I didn't enjoy Saints Astray as much as I did Santa Olivia. As a sequel, this novel comes with expectations the first novel was not burdened with and it simply does not live up to mine. That being said, if you take this novel for what it is, a light, somewhat fluffy read, it is not a bad read. This novel is fun in the way a James Bond movie is fun. Not because it is realistic but because it's an entertaining bit of daydreaming. If that is the sort of thing you are looking for, Saints Astray will work very well.

Book Details
Title: Saints Astray
Author: Jaqueline Carey
Publisher: Grand Central Publishing
Pages: 356
Year: 2011
Language: English
Format: Paperback
ISBN: 978-0-446-57142-5
First published: 2011


  1. I'm really behind on my Jacqueline Carey. I finally finished her Kushiel series last year and plan to tackle the next trilogy. It sounds like she has branched out though. I look forward to giving this series a try.

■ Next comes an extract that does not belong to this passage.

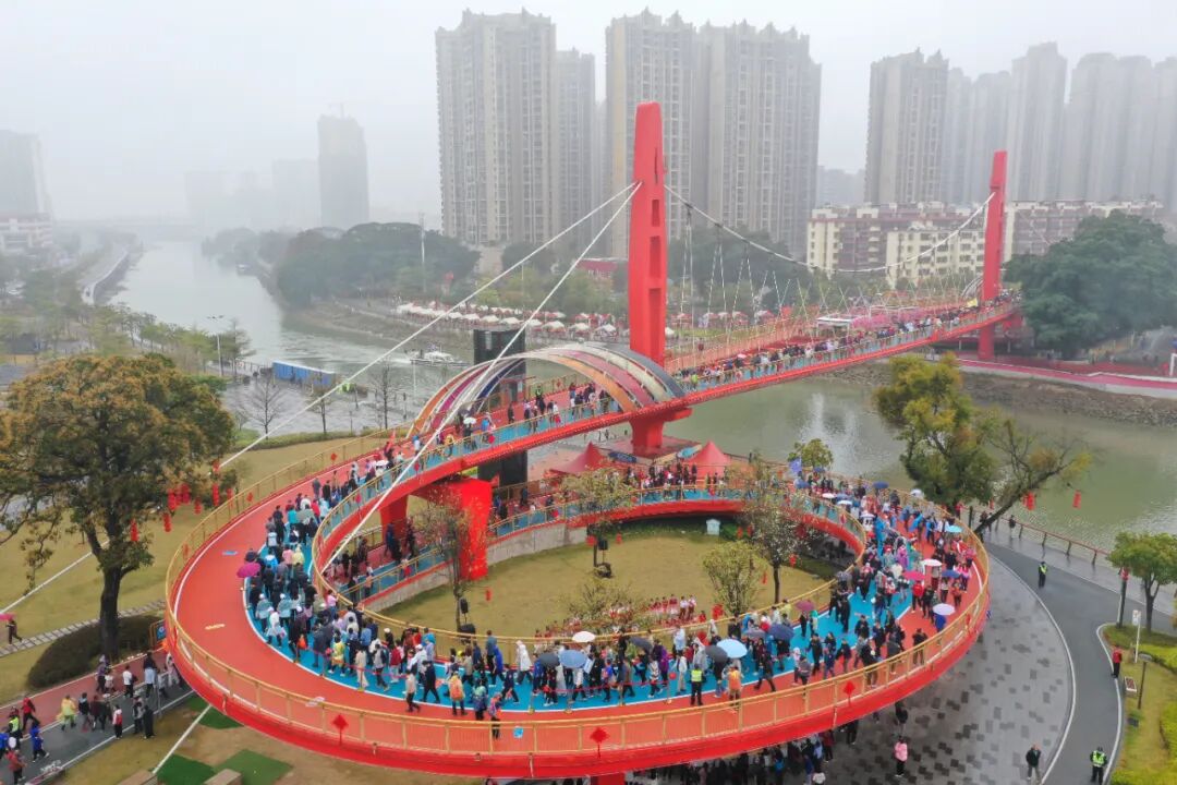 万名参与者从东湖广场出发,沿启明里、下沙公园等文化地标健步前行。在途经象征如意吉祥的胜利桥、如意桥时,不时有“跨过胜利 大吉大利”“走过如意 万事顺意”的喊声响起,以“登高跨越”之姿传递美好祈愿。沿途非遗展演、乐队驻唱、龙狮巡游、元宵灯谜等“文化加油站”亮点纷呈。终点以“公益嘉年华”形式组织爱心集市,非遗手作、健康义诊、特色美食义卖吸引大量市民踊跃参与。

    You had some issues with the way Carey manages the relationships I this one. Did you ever notice similar problems in the Kushiel books?

  2. These books are so different from the Kushiel ones... it's an impossible question :P What I mostly had a problem with in the Kushiel novels is that Carey needs quite a bit of divine intervention to explain away some of the more troublesome aspects of life. That is one thing she certainly does not do in Santa Olivia.

  3. That’s what I like to hear! I’m always intrigued when people say that two of an author’s series are very different.